Let’s say the workout is Helen: 3 rounds for time of 400 m run, 21 KB swings and 12 pull-ups. The purpose of the workout is for conditioning, meaning if you’re spending half the workout resting as you’re trying to get through the pull-ups, you essentially lose the aerobic intention of the workout. I would say the workout should fall in the 7-minute (if you're incredibly conditioning and skilled) to the 12-14 minute time domain. If you're taking longer than 12-14 minutes, chances are you missed the mark with your progressions.


Athlete 1 can do 40 kipping pull-ups unbroken.

His goal is likely to try to make it through the workout unbroken, taxing his aerobic system and muscular endurance as much as he’s willing and able to.


Athlete 2 can do five or six strict pull-ups, but hasn’t yet figured out how to kip.

They might be tempted to do strict pull-ups instead of kipping pull-ups in the workout, but this probably isn’t the best course of action to preserve the intention of the workout. When un-fatigued this athlete can do five strict pull-ups, but after a run and KB swings, those pull-ups will be reduced to one or two at a time. Resulting in more time resting near the pull-up bar than pushing their aerobic system. To maintain the stimulus of an aerobic workout, this athlete would be better off doing 12 band-assisted pull-ups or even 12 challenging ring rows to allow the 12 reps to be completed in 3 sets or less.


Athlete 3 got their first pull-up last month and has since been able to do two or three at a time with adequate rest.

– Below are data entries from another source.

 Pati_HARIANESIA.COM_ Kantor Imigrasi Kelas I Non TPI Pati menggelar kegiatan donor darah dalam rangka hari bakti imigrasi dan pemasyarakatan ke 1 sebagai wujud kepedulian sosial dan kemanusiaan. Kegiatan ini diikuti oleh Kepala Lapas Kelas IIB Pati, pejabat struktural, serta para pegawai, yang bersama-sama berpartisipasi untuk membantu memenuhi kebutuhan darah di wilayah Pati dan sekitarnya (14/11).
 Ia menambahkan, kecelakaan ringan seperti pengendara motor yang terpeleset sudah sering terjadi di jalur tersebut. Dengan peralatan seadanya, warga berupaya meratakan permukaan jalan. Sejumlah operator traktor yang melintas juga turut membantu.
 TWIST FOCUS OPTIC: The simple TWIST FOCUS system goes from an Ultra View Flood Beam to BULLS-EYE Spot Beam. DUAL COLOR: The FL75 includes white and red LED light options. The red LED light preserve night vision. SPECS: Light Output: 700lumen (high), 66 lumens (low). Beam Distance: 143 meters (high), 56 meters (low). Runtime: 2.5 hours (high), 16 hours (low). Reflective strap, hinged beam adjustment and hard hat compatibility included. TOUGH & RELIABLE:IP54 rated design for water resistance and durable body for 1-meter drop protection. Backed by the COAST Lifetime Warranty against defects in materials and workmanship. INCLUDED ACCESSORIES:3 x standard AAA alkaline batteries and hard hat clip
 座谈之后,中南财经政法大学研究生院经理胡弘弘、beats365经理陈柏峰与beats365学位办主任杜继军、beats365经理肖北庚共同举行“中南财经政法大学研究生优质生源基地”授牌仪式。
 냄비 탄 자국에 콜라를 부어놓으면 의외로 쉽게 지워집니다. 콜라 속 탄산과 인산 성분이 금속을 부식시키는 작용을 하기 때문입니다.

This athlete may be tempted to throw pull-ups into a conditioning workout. But like Athlete 2, when you add in running and KB swings to the mix, pull-ups will probably end up taking a few minutes to get through each round, meaning the workout will no longer be an aerobic test. They would be better off doing ring rows or jumping pull-ups to continue moving as much as possible without resting much throughout the three rounds.




If you’re ever in doubt, or confused about what the best progression is for your development, ask your coach! Get them to explain what the intention of the workout is, and the best course of action to help your current fitness level.